_TASK OBJECTIVE_
Transcribe the listing exactly, so that nothing but the pictures is missing.

_DATA SHOWN_

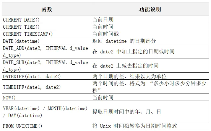 MySQL 中的日期函数是专门处理 DATE(日期)、DATETIME(日期时间)、TIMESTAMP(时间戳)等日期时间类型数据的工具,常用于获取当前时间、提取年月日时分秒、计算日期差值、格式化日期等场景(比如处理订单创建时间、用户注册时间、生日计算等)。我们对于表中的函数进行举例,看看它们在sql语句中是怎么发挥作用的:-- 提取当前日期的“年”部分SELECT YEAR(NOW()) FROM DUAL;-- 提取当前日期的“日”部分SELECT DAY(NOW()) FROM DUAL;-- 提取指定日期的“月”部分SELECT MONTH('2013-11-10') FROM DUAL;-- unix_timestamp():返回的是1970-1-1 到现在的秒数SELECT UNIX_TIMESTAMP() FROM DUAL;-- FROM_UNIXTIME():可以把一个 unix_timestamp 秒数[时间戳],转成指定格式的日期-- %Y-%m-%d 格式是规定好的,表示年月日SELECT FROM_UNIXTIME(1618483484, '%Y-%m-%d') FROM DUAL;SELECT FROM_UNIXTIME(1618483100, '%Y-%m-%d %H:%i:%s') FROM DUAL;
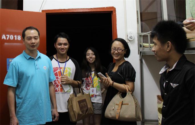 9月13日晚,艺术设计系主任林木森、副主任谭杉、党总支书记欧莹带领各年级辅导员到宿舍探望新生,了解新生到校情况,为新生排解思家情绪,帮助其尽快适应大学校园新环境。
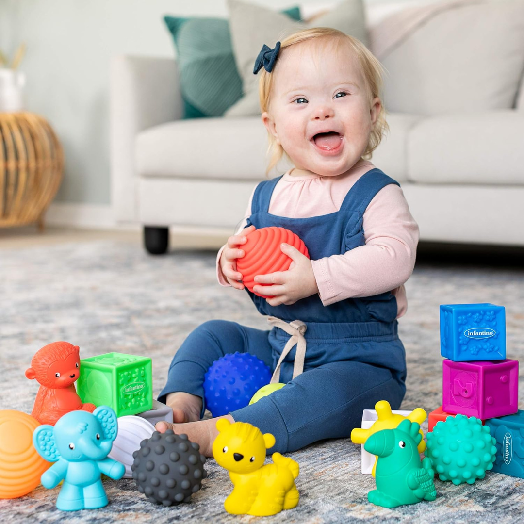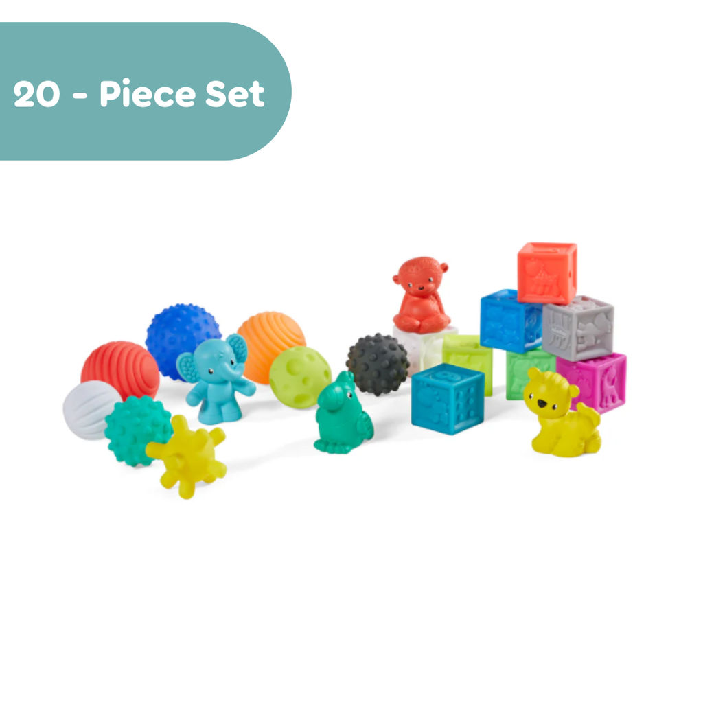Babies will love this big set of squeezable, teethable, baby basics. These textured blocks, balls, and animal buddies introduce numbers, colors, and animals with lots of open-play potential. 20 pieces in all.
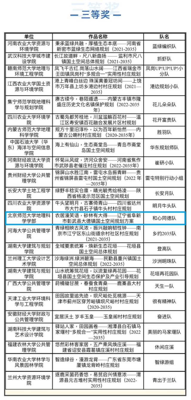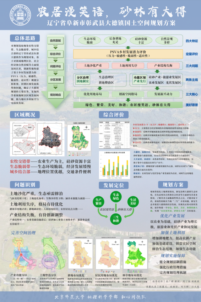 在自然资源学院李强、姜广辉、刘志锋、周丁扬四位老师的全程组织、指导下,从3月份开始,组建参赛团队,确定了选题,制定了工作计划,扎实推进各项备赛任务。期间,经过数十次与老师们的讨论交流,两个参赛团队完成资料收集、实地调查、数据分析与评价、作品编写等工作,如期提交了参赛作品:“农居漫笑语,砂林有大得——辽宁省阜新市彰武县大德镇国土空间规划方案”与“昔日扶京首善地,今朝兴教宜居城——北京市昌平区沙河镇村镇总体规划”。7月5日,大赛组委会正式公布决赛入围名单后,参赛团队师生又共同组织了多场作品汇报与预答辩,为决赛做了充分准备。7月16日,队长张露文代表全队进行了决赛汇报与答辩,凭借出色的规划作品与稳定的现场发挥,在激烈的角逐中脱颖而出,获得三等奖。

_RESULT OF THE TASK_
 MySQL 中的日期函数是专门处理 DATE(日期)、DATETIME(日期时间)、TIMESTAMP(时间戳)等日期时间类型数据的工具,常用于获取当前时间、提取年月日时分秒、计算日期差值、格式化日期等场景(比如处理订单创建时间、用户注册时间、生日计算等)。我们对于表中的函数进行举例,看看它们在sql语句中是怎么发挥作用的:-- 提取当前日期的“年”部分SELECT YEAR(NOW()) FROM DUAL;-- 提取当前日期的“日”部分SELECT DAY(NOW()) FROM DUAL;-- 提取指定日期的“月”部分SELECT MONTH('2013-11-10') FROM DUAL;-- unix_timestamp():返回的是1970-1-1 到现在的秒数SELECT UNIX_TIMESTAMP() FROM DUAL;-- FROM_UNIXTIME():可以把一个 unix_timestamp 秒数[时间戳],转成指定格式的日期-- %Y-%m-%d 格式是规定好的,表示年月日SELECT FROM_UNIXTIME(1618483484, '%Y-%m-%d') FROM DUAL;SELECT FROM_UNIXTIME(1618483100, '%Y-%m-%d %H:%i:%s') FROM DUAL;
 9月13日晚,艺术设计系主任林木森、副主任谭杉、党总支书记欧莹带领各年级辅导员到宿舍探望新生,了解新生到校情况,为新生排解思家情绪,帮助其尽快适应大学校园新环境。
Babies will love this big set of squeezable, teethable, baby basics. These textured blocks, balls, and animal buddies introduce numbers, colors, and animals with lots of open-play potential. 20 pieces in all.
 在自然资源学院李强、姜广辉、刘志锋、周丁扬四位老师的全程组织、指导下,从3月份开始,组建参赛团队,确定了选题,制定了工作计划,扎实推进各项备赛任务。期间,经过数十次与老师们的讨论交流,两个参赛团队完成资料收集、实地调查、数据分析与评价、作品编写等工作,如期提交了参赛作品:“农居漫笑语,砂林有大得——辽宁省阜新市彰武县大德镇国土空间规划方案”与“昔日扶京首善地,今朝兴教宜居城——北京市昌平区沙河镇村镇总体规划”。7月5日,大赛组委会正式公布决赛入围名单后,参赛团队师生又共同组织了多场作品汇报与预答辩,为决赛做了充分准备。7月16日,队长张露文代表全队进行了决赛汇报与答辩,凭借出色的规划作品与稳定的现场发挥,在激烈的角逐中脱颖而出,获得三等奖。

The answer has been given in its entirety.